SCO UnixWare (as of Release 7.1) has the ability to transparently map
PAE-addressable memory into user processes. A brief history:

Starting with 7.0 (Spring 1998), SCO UnixWare supports PAE mode for accessing
physical memory up to 64GB. In 7.0, such memory (called Dedicated Memory) was
only available for shared memory segments. New system calls (called dshm) were
introduced at that time. The dshm calls are not necessary for a user process
to access high (above 4GB) memory, but without dshm a user process is limited
to its 3GB virtual address space.
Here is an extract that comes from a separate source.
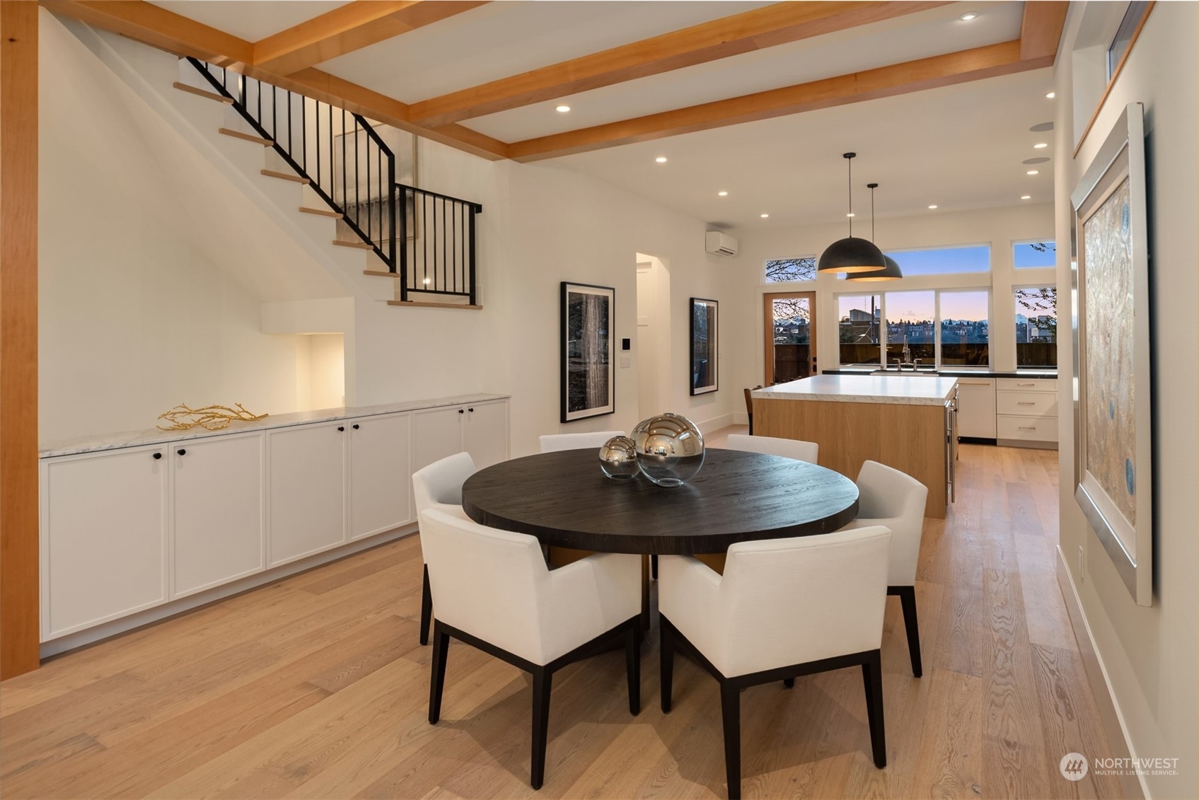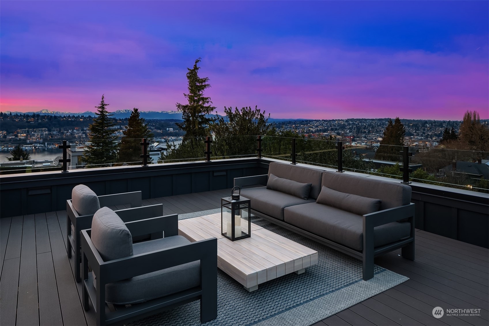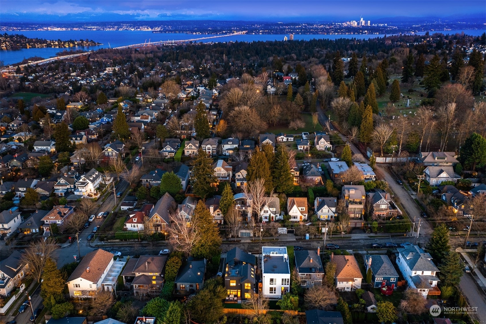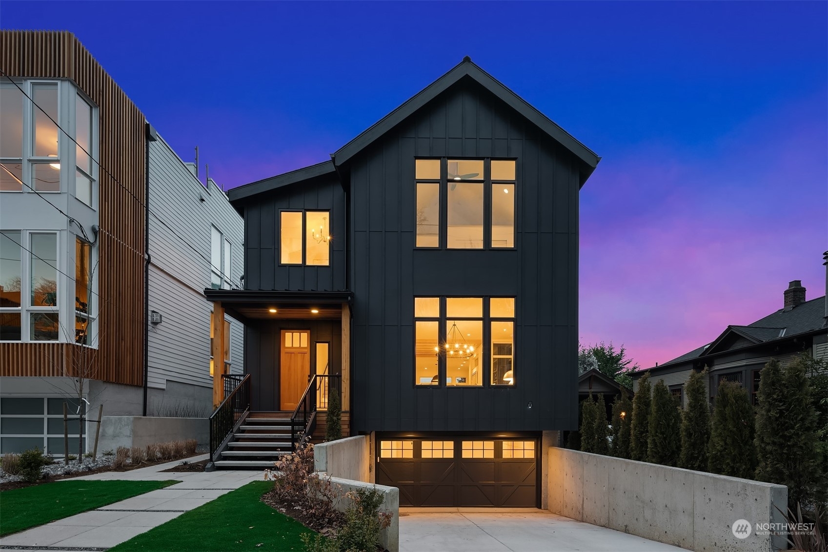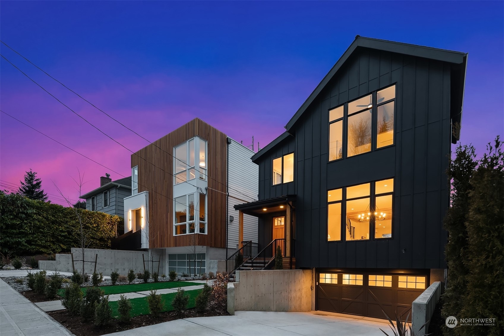 This new privately commissioned home from acclaimed developer Halverson Design Build reflects the elegance of North Capitol Hill’s most sought-after street – Federal Avenue. Enjoy stunning views of Seattle, Lake Union, and Olympic Mountains from the home’s expansive windows and spacious rooftop deck. This masterfully-designed home boasts abundant natural light, soaring ceilings + exquisitely curated finishes. Open-concept living features hardwoods, exposed beams, custom built-ins + fireplace. Chef’s kitchen impresses with premier appliances, Carrara marble counters, + large pantry. Retreat in luxury to owner’s suite with cathedral ceilings, fireplace, skylights, + spa-like bath. Home office, fenced backyard, bonus rooms, + two-car garage.

Dshm provides a window for dynamically
mapping a portion of a much larger shared memory segment into the user's
ddress space.

UnixWare 7.1 (Spring 1999) support for using high memory for all purposes.
The default tuning limits general purpose memory to 8GB, and retains the
concept of Dedicated Memory for memory above the general purpose memory
tune point. The tuning can be adjusted by changing a boot parameter, so
that general purpose memory size can be increased to larger values if the
workload permits. (The example of 8x 2GB RSS number crunchine process is
a relatively painless scenario.)

-- 
/*
 * Tom Hull -- mailto:thull@kscable.com or thull@ocston.org
 *             http://www.ocston.org/~thull/
 */
--
To unsubscribe, send a message with 'unsubscribe linux-mm' in
the body to majordomo@kvack.org.  For more info on Linux MM,
see: http://humbolt.geo.uu.nl/Linux-MM/

^ permalink raw reply	[flat|nested] 6+ messages in thread

end of thread, other threads:[~1999-11-03 20:47 UTC | newest]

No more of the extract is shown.